● Task instructions: Repeat exactly the lines of the records below, starting at the line containing "Prodám nábytek z" and ending at the line containing "1960-80 a group". Leave the pictures out.

● Data provided:
◇ ◇ ◇ ◇

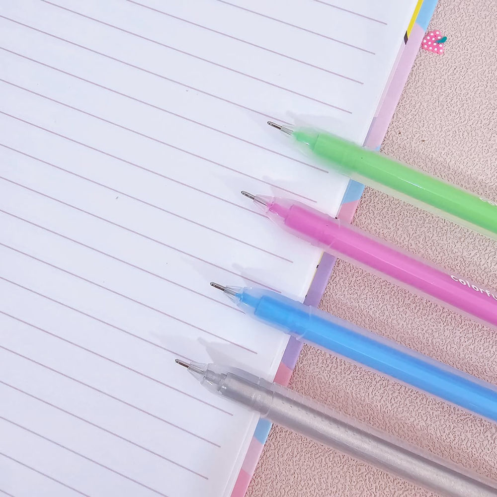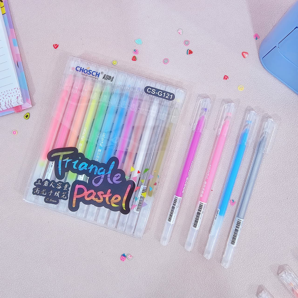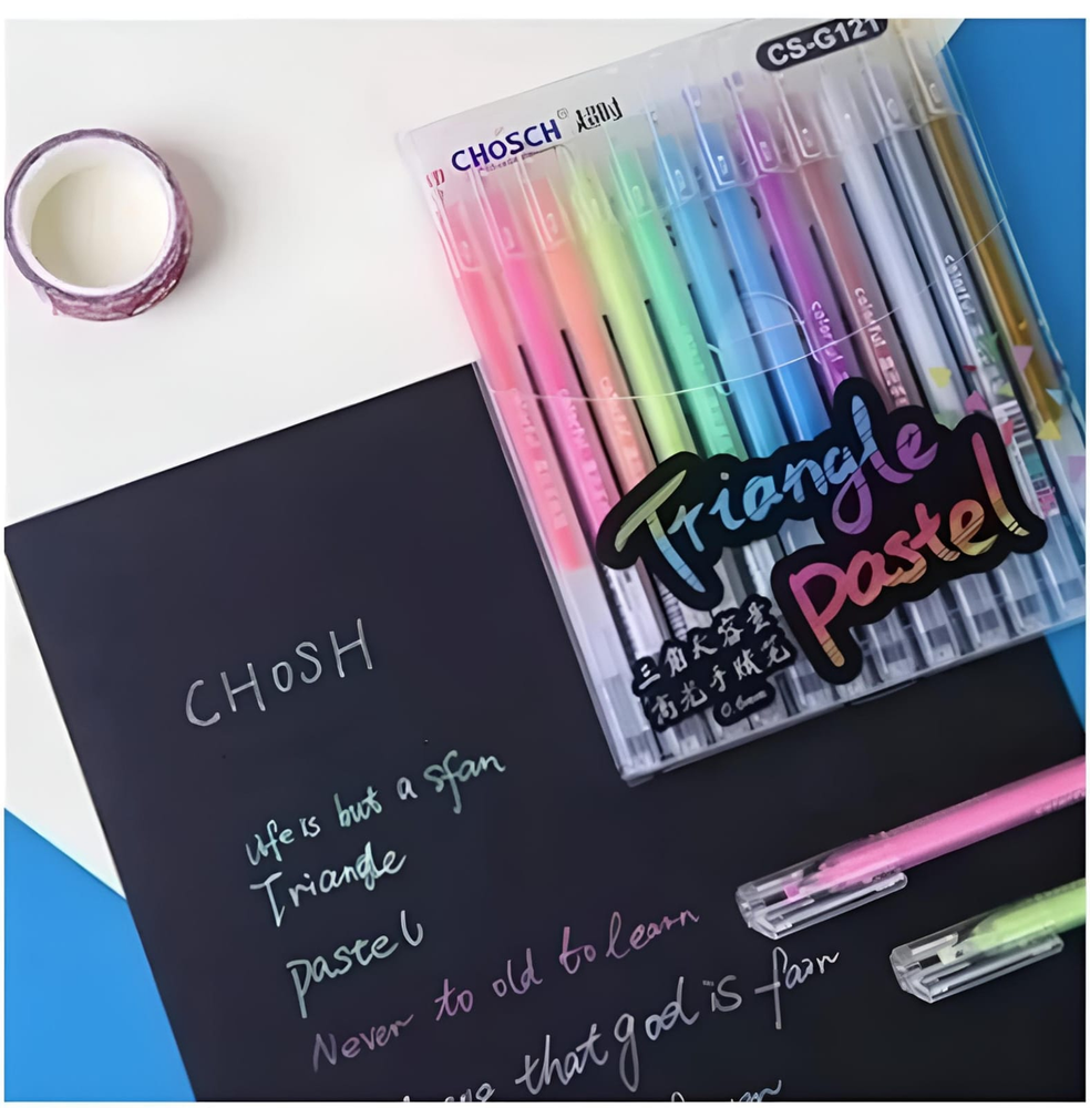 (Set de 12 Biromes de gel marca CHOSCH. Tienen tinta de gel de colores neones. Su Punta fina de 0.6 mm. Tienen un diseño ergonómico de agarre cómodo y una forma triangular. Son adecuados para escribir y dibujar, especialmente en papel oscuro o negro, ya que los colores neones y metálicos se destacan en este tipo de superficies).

◇ ◇ ◇ ◇

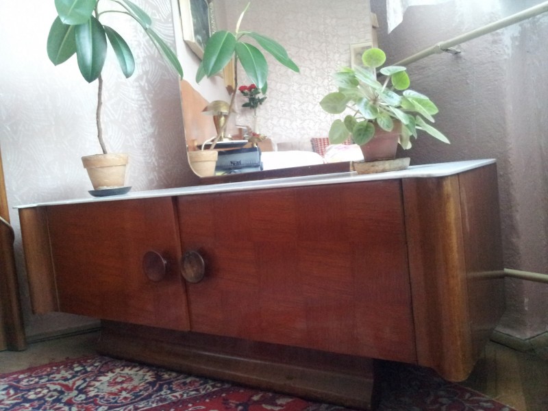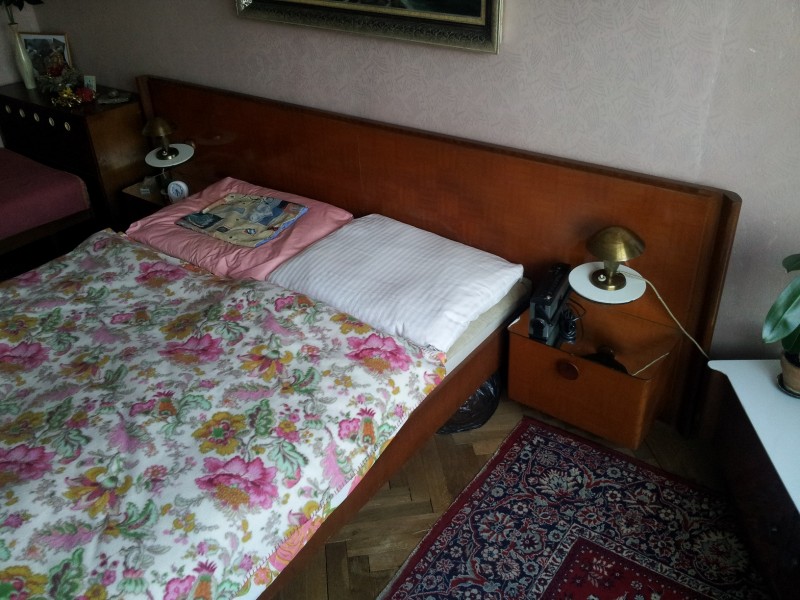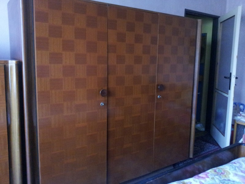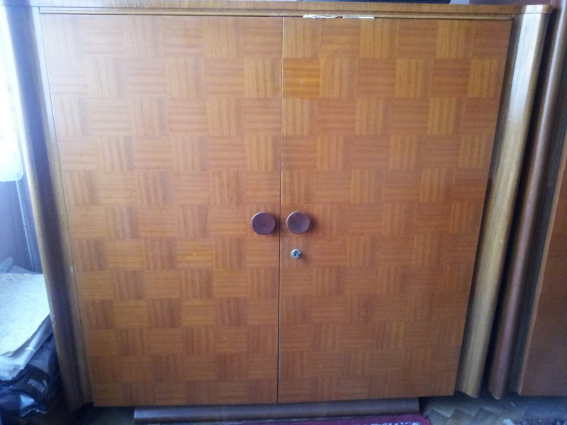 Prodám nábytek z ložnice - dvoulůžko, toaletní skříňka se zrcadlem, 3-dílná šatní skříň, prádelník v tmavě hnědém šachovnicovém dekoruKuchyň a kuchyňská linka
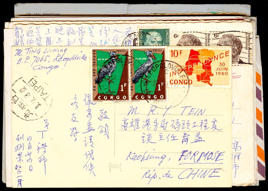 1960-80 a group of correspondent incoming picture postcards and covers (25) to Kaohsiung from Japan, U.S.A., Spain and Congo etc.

◇ ◇ ◇ ◇

● Completed task:
 Prodám nábytek z ložnice - dvoulůžko, toaletní skříňka se zrcadlem, 3-dílná šatní skříň, prádelník v tmavě hnědém šachovnicovém dekoruKuchyň a kuchyňská linka
 1960-80 a group of correspondent incoming picture postcards and covers (25) to Kaohsiung from Japan, U.S.A., Spain and Congo etc.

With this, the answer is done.